People like me? You have no idea who I am or what I stand for but you are good at bashing people sitting behind your keyboard. I'm for transparency but also for personal privacy. If I'm the problem and the cause of the downfall of the scuba industry that's pretty impressive as I didn't know I had that much power. The big issue is that scuba is a niche market and will stay that way it is not important to most and that frustrates the scuba fanatics!
So I have to agree someone who is on my ignore list.
I think one of the problems for those of us who have been in the industry a while and are not sycophants to our respective agencies is that there is a bit of sales pitch for ocean front property in Nevada. When I did my IDC, there was such a push for selling the next class before they even finished their open water class. I would watch students when the shop owner was making the agency pitch for equipment and courses and I could see how they are turned off. The regional director was talking about how much money can be made from teaching PPB (his wife did apparently). Well, when you look at PPB, the performance requirements are not much different than open water. I discuss that
here and
here. I think this push for more classes is really disingenuous. While quick/cheap classes are good for the agency, they are not good for the instructor or more importantly, the customer. The shops/instructors that teach properly, and charge accordingly, have much higher retention rates (I'm referring to Jade Scuba, 8, and Off the Hook). But you can't be a used car salesman in a cheap suit (I called the owner of the first shop I taught at a used Fiat salesman to his face).

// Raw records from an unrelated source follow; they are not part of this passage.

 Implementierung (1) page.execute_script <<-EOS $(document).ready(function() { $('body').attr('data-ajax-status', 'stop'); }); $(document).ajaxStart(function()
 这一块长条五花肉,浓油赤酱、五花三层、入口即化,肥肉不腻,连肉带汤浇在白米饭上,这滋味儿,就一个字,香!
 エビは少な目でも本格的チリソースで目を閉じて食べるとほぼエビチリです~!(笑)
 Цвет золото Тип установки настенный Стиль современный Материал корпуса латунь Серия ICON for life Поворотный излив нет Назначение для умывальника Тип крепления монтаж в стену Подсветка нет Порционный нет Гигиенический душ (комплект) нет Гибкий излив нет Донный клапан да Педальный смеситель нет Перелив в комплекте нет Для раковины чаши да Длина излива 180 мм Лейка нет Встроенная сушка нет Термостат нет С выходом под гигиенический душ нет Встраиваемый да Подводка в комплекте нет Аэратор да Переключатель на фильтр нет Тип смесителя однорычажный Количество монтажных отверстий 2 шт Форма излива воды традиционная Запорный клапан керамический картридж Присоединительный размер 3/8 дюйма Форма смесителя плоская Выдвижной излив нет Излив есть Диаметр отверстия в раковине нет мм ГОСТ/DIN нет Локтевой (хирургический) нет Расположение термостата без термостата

The industry lacks integrity and it is hard for me to choose an agency. Who has the largest shred of integrity? Who is the lessor of all evils? As there are issues with even the agencies where I recommend courses (and no, I'm not getting into that here. You'd have to get me rather drunk at DEMA before I open my mouth)

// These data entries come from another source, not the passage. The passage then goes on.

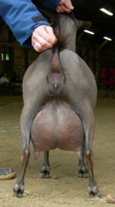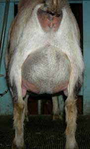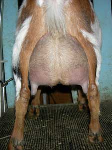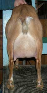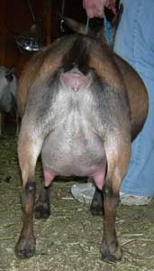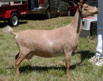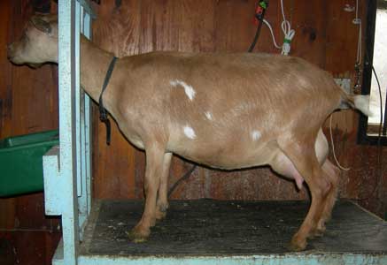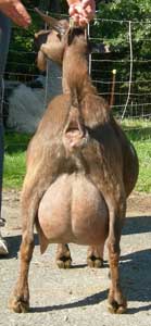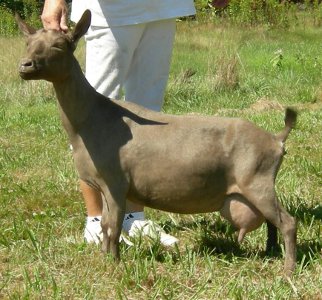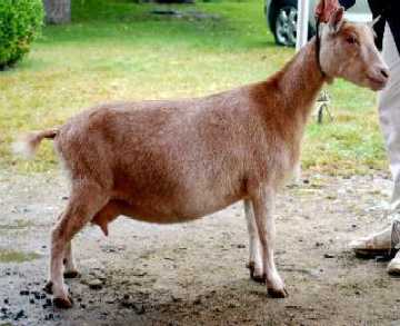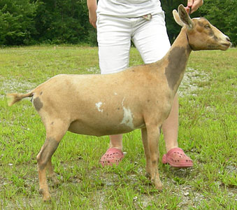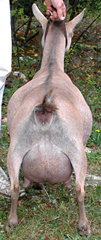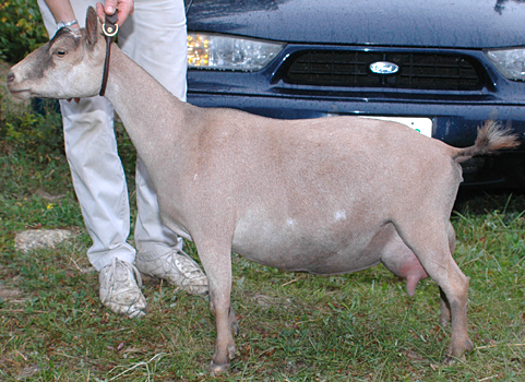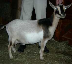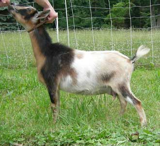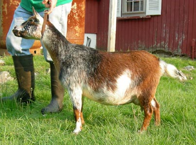 | Polled repartita buckskin with white. Here's a preliminary picture of her in milk - unclipped, hairy goat, but at least the udder is clipped. Mimi is now living with Valerie Gillispie in Virginia. | ||
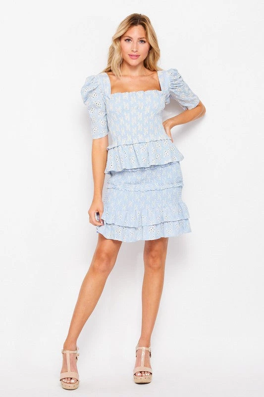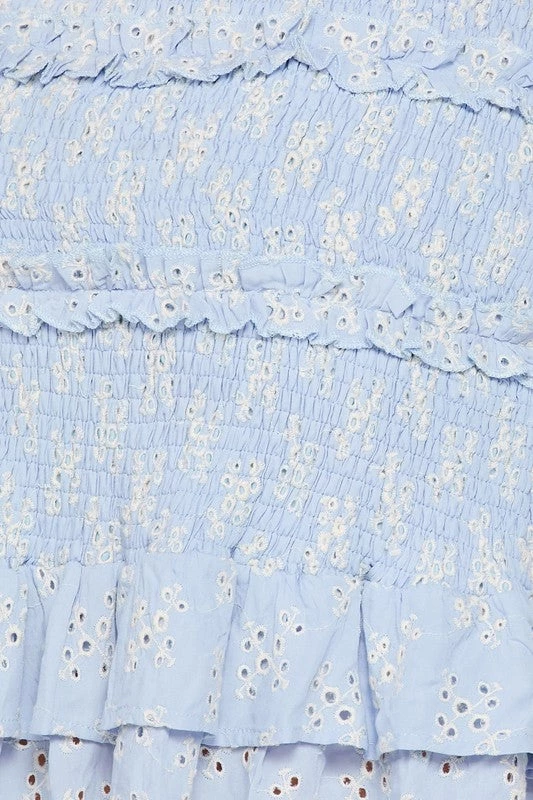 Nothing says summer like powder blue and a cute skirt. You will love our powder blue eyelet smocked mini skirt paired with your favorite nude heels
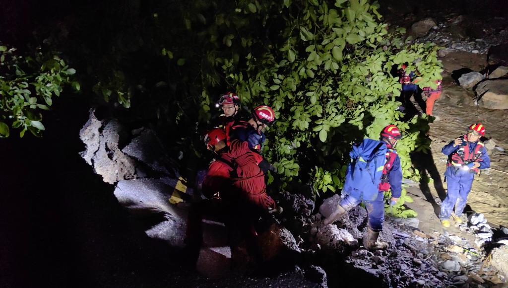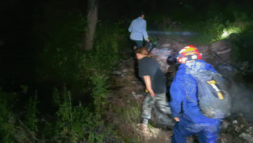 7月24日,突击队在黑夜中挺进。(陇南市消防救援支队供图)

There is never a discussion about costs of insurance, rates of return, actual numbers of compensation for courses. The first shop I taught, you would earn $75 per student in open water where dry suit was included. In the next shop where it wasn't, it was $50 per student. Now this was only if they were certified. For the second shop, it would be $25 for getting them through academics and the pool session. I don't know about the first shop, as I was a horrible instructor back then who taught on the knees, and everyone passed, even when because the equipment provided sucked so bad, I had to have one student breath off my alternate when she did the mask removal, replacement, and clear. I told the CD what I did and he said it met performance requirements (in hindsight, I should have known better - and I know I'll get skewered now by some folks - hey, I've learned, m'kay?).

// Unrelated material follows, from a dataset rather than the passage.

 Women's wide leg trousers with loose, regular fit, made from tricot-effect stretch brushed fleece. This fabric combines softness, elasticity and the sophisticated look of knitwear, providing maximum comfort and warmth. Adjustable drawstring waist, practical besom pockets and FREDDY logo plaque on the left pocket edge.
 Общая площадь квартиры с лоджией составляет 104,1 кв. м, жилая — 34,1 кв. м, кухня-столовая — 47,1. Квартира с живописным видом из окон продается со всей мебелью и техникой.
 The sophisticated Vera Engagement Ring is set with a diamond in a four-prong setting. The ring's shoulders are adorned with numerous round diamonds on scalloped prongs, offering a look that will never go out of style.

You are far better off putting your money that you would pay for training to become a dive pro in the stock market and working another job and just diving for fun.
I do consider myself a scuba fanatic, but I don't care that scuba diving is unimportant to 99.99999% of the world's population. I am frustrated however by the lack of transparency and ethics.
If I wasn't going to open a dive center in Greece, becoming a dive pro would be the worst financial decision I made in my life.